The material researched for Avant Avant Garde forms a body of commissions for four nights of music in Cologne, Krakow, Warsaw, Berlin. Each will contain exclusively world premiers. Dženana Aganspahić, Burkhard Beins, Arturas Bumšteinas, Max Eastley, Lucio Capece, Francesco Cavaliere, Tomek Chołoniewski, Gamut Ensemble, Jean-Luc Guionnet, Frau W, CM von Hausswolff, Gerhard Kern, Aleks Kolkowski, Michał Libera, Magda Mayas, Ralf Meinz, Tisha Mukarji, Mikołaj Pałosz, Karolina Ossowska, Razen, Paweł Romańczuk, Spat'sonore, Maciej Sledziecki, Thomas Tilly, Jan Topolski, Michael Vorfeld and many more will be there to deliver concerts, lectures and presentations on Avant Avant Garde. Over the course of the project Gamut Ensemble will be developing a growing automated orchestra of specifically designed music-machines referring to its Renaissance predecessors but expanded with computer controls.

środa, 5 czerwca 2013

SOUNDING THE BODY ELECTRIC





Sounding the Body Electric
Experiments in Art and Music in Eastern Europe 1964-1984
Bôłt (BR ES10)

One more adventure with PRES in its surroundings and an honorable collaboration with Daniel Muzuczyk and David Crowley - curators of the exhibition at Muzeum Sztuki in Łódź

coming up very, very soon; official release date: TBA

CD 1
1. Vladan Radovanović, Voice from the Loudspeaker (1975)
2. Szabolcs Esztényi and Krzysztof Wodiczko, Just Transistor Radios (1970/2012)
3. Wojciech Bruszewski, Junction (1973/2013)
4. Collective Actions, Music Within and Outside (1984)
5.-8. Eugeniusz Rudnik, Scalars – technological study (1966)
9. Hugh Davies, Shozyg (1964)

CD 2
1. Rudolf Komorous, Tomb of Malevitch (1965)
2. Arne Nordheim, Ode to Light (Sculpture) (1968) – studio mix 1
3.-6. Milan Grygar, Acoustic Drawings (1974)
7. Arne Nordheim, Ode to Light (Sculpture) (1968) – studio mix 2

The album is a natural alliance of the producers working with the Polish Radio Experimental Studio’s archives and the curators of the exhibition dedicated to intersections of technology and body in art of the 1960s and 1970s. The thematic “common” field was operationally called “early Eastern European sound art”, although none of us really meant it literally. Undoubtedly, we were all interested in such works of art where the sound was approached from the perspective of other art disciplines. Leaving film, theatre, dance and radio art to other occasions, we mainly focused on visual arts, performance and architecture – mostly due to their conceptual connotations. We followed the two fundamental issues discussed in the 1960s: object and space.
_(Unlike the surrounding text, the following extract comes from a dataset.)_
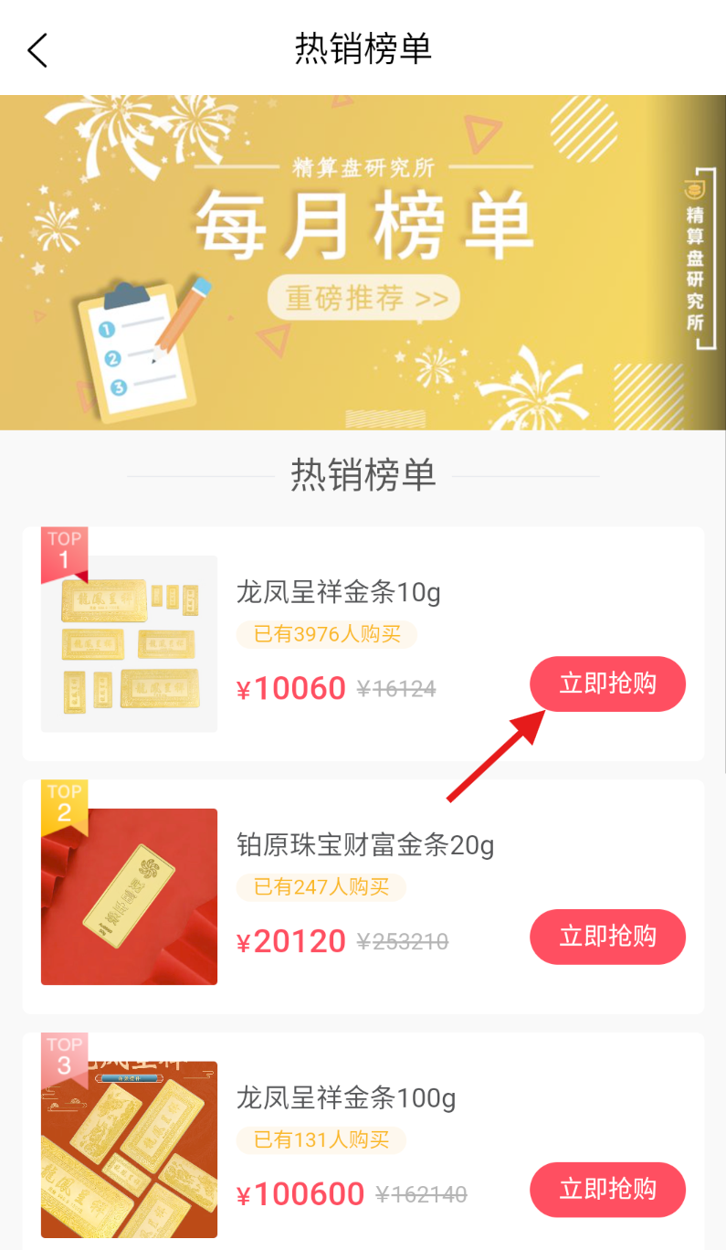 2、进入热销榜单页面后,浏览心仪产品,点击目标产品旁的 “立即抢购” 按钮。

In this context, the exhibition Sounding the Body Electric was a breakthrough. For the first time, the history of sound of the above mentioned period was told from a different point of view than the musicological one. On the following pages David Crowley and Daniel Muzyczuk write about the Experimental Studio’s place in the wide spectrum of Eastern European art. To us, it is more important to see what the latter one tells us about PRES.

Experiments undertaken in Warsaw’s Studio found their reflection on the magnetic tape – a fixed object presenting the final vision of the composer. In consequence, space was usually understood as a parameter of musical form defined by stereophonic system. The most vivid examples of this compositional legacy is an unfortunate and never fully exploited Oskar Hansen’s project of adjustable acoustics of the Studio as well as Tomasz Sikorski’s attempts at composing reverberations of instrumental sounds – brilliantly faked on console by Bohdan Mazurek.

For this album we were trying to find the pieces in PRES’ archives that would deviate from this dominant tendency.